Thursday, February 22, 2001
Students in OM competition Saturday
By RITA FERRANDINO
Staff Writer
Students at Cooperstown Central School have embarked on a voyage of invention. Their hard work will be put to the test at SUNY Oneonta this weekend.
The Odyssey of the Mind is time-intensive and imparts a sense of confidence and creative problem solving, said program coordinator Maureen Culbert, a teacher at Cooperstown Elementary School.
Students are given two problems, one of which is long term, the other short.
"For the long-term problem they have time to prepare," said Culbert. "A lot of kids sign up and we lose them because they don't realize how much time is going to go into it. They meet once a week from October until the competition in the end of February. The adults can't guide them. They can only help them along with ideas the kids come up with exclusively."
Chris Giovine has been a team leader for three years. This season he's taken on a middle school and an elementary school team. Idiom Inspiration is the long-term problem chosen by the middle school team, one of six from Cooperstown competing in an all-day event on February 24 at SUNY Oneonta.
Idiom Inspiration falls into the classical category, which pertains to language. In the past, Giovine has coached a team tackling Shakespeare.
"They had to take ten lines of Shakespeare and incorporate them into a play they'd written themselves," said Giovine. "It all had to make sense and be quite logical."
So it is with this year's problem-taking classic English idioms and putting them into the context of a play, written, directed and acted out by the team. As if that wasn't enough, they're taking it a step further by inventing a few idioms of their own. The five girls worked together, revising the script until it was completed. Coach Giovine kept all the drafts along the way in case the judges ask to see how the play was changed over time.
Based on their strengths and interests, teams choose from classical, structural or movement problems. Ody-see-ing Sounds, Giovine and Rosemary Craig's elementary team, are faced with the challenge of coming up with a device that produces sound effects. Combined with the fact that the sounds have to logically complement a play the students wrote, four months of practice suddenly doesn't seem like very much.
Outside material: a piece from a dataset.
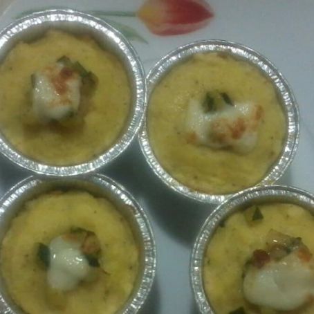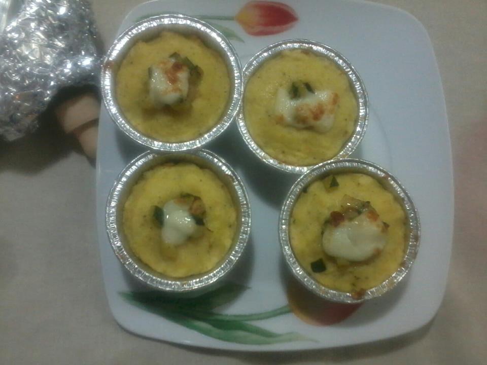 Prendere degli stampi in alluminio, mettere un pò di composto ed aggiungere un pezzettino di formaggio e di prosciutto, Ricoprire con un altro pò di impasto, continuare fino ad esaurire l'impasto.

But the kids have pulled it together.
"They know their lines by now," said Giovine. "They've written a play about a clumsy knight who has to rescue a pair of princesses. There's a bunch of sounds associated with him breaking into the castle. Then he finds out that they're airheads, and there's some sounds associated with that."
Greg Giovine, a fifth grader on the team, said that Odyssey of the Mind is fun.
"You have to work with other people," he said. "You have to create things and ideas, and act out your part. You have a responsibility to remember your lines and costume."
The sounds for the play come from a device built by students from an old chair and tubes, connected to buzzers, bells and radio sounds. Two rows of four holes are punched through the chair's plywood seat. At the right moment, a lever is pulled and a marble falls-through the hole, down the tube, to activate the sound effect.
Timing, said Giovine, is everything.
"This really gives the kids a feeling of confidence," he said. "They work together in this group and they see that problems can be solved. It teaches them to think creatively without the real guidance of adults. The format is always a skit or a play, so they have to face the fear of public speaking and stage fright. They become more articulate. It's not just for brainy kids, either. It brings out the creativity in every kid."
The short term problems are spontaneous. Giovine and Culbert both used the same example of the kind of cleverness that could result in bonus points. The participants will be given an object or a color, take green, for example, and they have to name as many things as they can that fit the description. They get points for answers like grass, trees and bottles, but if they give a particularly crafty response, like envy, they can garner double or even triple points.
If they win at Oneonta, the next stop is a competition in Binghamton. Last year, two Cooperstown teams went that far. After Binghamton is the world competition, but so far CCS hasn't had a team reach this level. After only four years of participation in the Odyssey of the Mind, they've seen the number of participating students rise. There are seven teams this year.